After this week, we'll be starting our third and final unit of the year, "dealing with disaster." I've taken a quick look at my lesson plans from last year, but need to really sit down and see if I want to keep the same order of reading selections as last year. Since we did not teach on Wednesdays last year, that puts time back into this year that is allowing me to add in additional readings, writing, and activities. Right now, I'm at least a week "ahead" of last year's plan.

Tentatively, we'll start with an overview of different types of disasters from a Scholastic resource I have a class set of, Storyworks Text Set - Disaster and Survival. Students will then pick a specific disaster to research and create a short presentation on. Because we are environmental school, I push students to look at the environmental impact of the disaster just as much as the impact on humans. Last year, the first readings we did were a pair of poems about Hurricane Katrina that I then paired with a great spoken word/documentary. My students this year should have some background knowledge on Hurricane Katrina from reading the novel Ninth Ward by Jewell Parker Rhodes last year. I have a short play from Scholastic about the hurricane that I would love to be able to do again; I did it two years ago, but not last year with the whole hybrid situation. 

Besides reviewing my plans for my final unit of the year, I also need to look at what other grammar and writing skills I would like to cover as the year is winding down.
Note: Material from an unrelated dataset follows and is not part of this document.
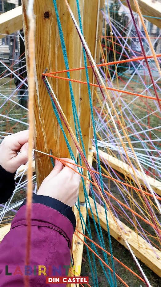 “La realizarea şi montarea ansamblului- Labirintul din Castel- au lucrat peste 20 de tineri, s-au folosit zece kilometri de aţă colorată, aproape doi metri cubi de lemn şi peste 1.500 de cuie. Dimensiunile instalaţiei o fac să fie în topul celor mai mari instalaţii de string art din România: structura măsoară 25 de metri pătraţi, iar înălţimea atinge, în cel mai înalt punct, şase metri”, se arată într-un comunicat de presă.

We're working with pronouns right now and I'd like to circle back to subjects and verbs, which is one of the first ideas we started the year with when we worked on simple sentences. 

What I'm most excited for this month is our March Madness Poetry Tournament. You can read about how I've run the tournament the past two years in this blog post. Also linked within the post is my original bracket and voting Google Forms. I'm working on finalizing a new bracket that moves away from many of the classic poems I originally selected and include a much more contemporary and diverse group of poets. Using poetry is a great way to review skills we covered earlier in the year.

After writing a narrative and and creating infographic, we'll start our "Dealing With Disaster" unit and kick off a March Madness Poetry Tournament.